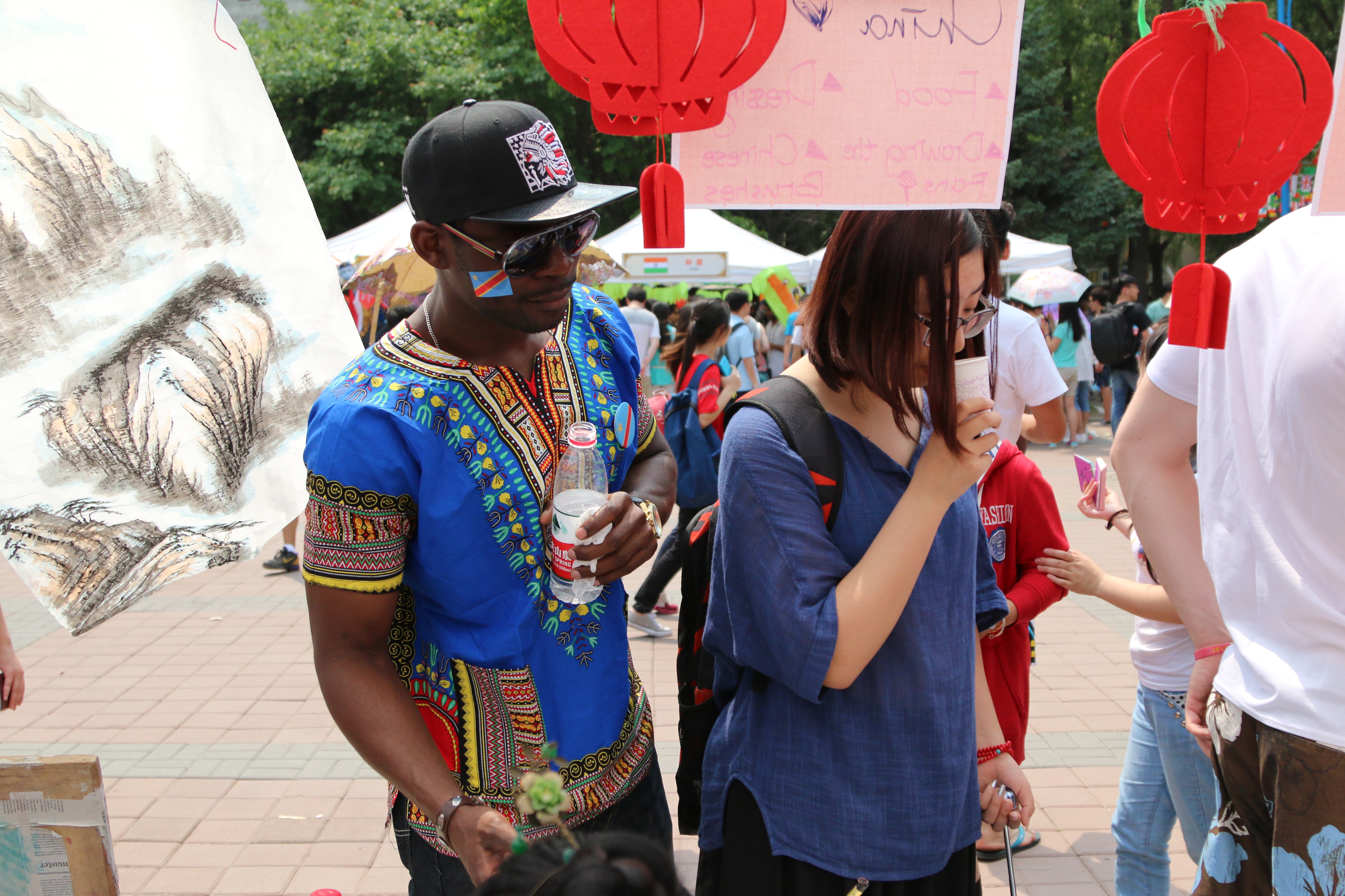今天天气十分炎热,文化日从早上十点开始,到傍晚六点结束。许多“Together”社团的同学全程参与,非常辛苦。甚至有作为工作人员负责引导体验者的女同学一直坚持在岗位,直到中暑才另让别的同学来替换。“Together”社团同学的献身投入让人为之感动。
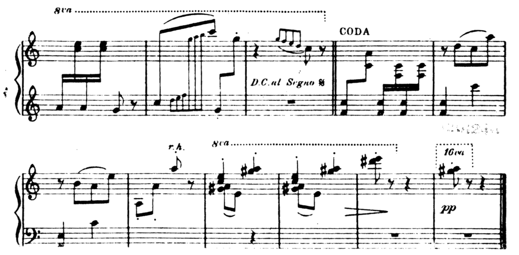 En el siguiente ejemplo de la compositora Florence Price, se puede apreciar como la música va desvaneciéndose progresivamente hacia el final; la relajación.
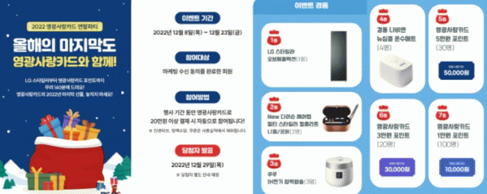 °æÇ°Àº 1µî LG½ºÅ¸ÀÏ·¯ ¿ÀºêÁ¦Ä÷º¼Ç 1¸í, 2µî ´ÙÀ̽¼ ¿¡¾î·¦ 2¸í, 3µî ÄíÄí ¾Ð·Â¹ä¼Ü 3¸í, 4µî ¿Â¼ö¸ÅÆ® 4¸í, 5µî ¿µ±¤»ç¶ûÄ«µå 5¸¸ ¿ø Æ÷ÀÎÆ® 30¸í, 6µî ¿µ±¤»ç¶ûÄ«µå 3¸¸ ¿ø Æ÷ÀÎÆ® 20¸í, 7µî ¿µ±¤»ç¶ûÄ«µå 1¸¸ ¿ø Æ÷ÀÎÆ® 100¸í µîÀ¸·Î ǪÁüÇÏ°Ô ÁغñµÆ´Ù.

# Task goal
The data is to be returned exactly as it stands, pictures aside.

# Expected answer
今天天气十分炎热,文化日从早上十点开始,到傍晚六点结束。许多“Together”社团的同学全程参与,非常辛苦。甚至有作为工作人员负责引导体验者的女同学一直坚持在岗位,直到中暑才另让别的同学来替换。“Together”社团同学的献身投入让人为之感动。
 En el siguiente ejemplo de la compositora Florence Price, se puede apreciar como la música va desvaneciéndose progresivamente hacia el final; la relajación.
 °æÇ°Àº 1µî LG½ºÅ¸ÀÏ·¯ ¿ÀºêÁ¦Ä÷º¼Ç 1¸í, 2µî ´ÙÀ̽¼ ¿¡¾î·¦ 2¸í, 3µî ÄíÄí ¾Ð·Â¹ä¼Ü 3¸í, 4µî ¿Â¼ö¸ÅÆ® 4¸í, 5µî ¿µ±¤»ç¶ûÄ«µå 5¸¸ ¿ø Æ÷ÀÎÆ® 30¸í, 6µî ¿µ±¤»ç¶ûÄ«µå 3¸¸ ¿ø Æ÷ÀÎÆ® 20¸í, 7µî ¿µ±¤»ç¶ûÄ«µå 1¸¸ ¿ø Æ÷ÀÎÆ® 100¸í µîÀ¸·Î ǪÁüÇÏ°Ô ÁغñµÆ´Ù.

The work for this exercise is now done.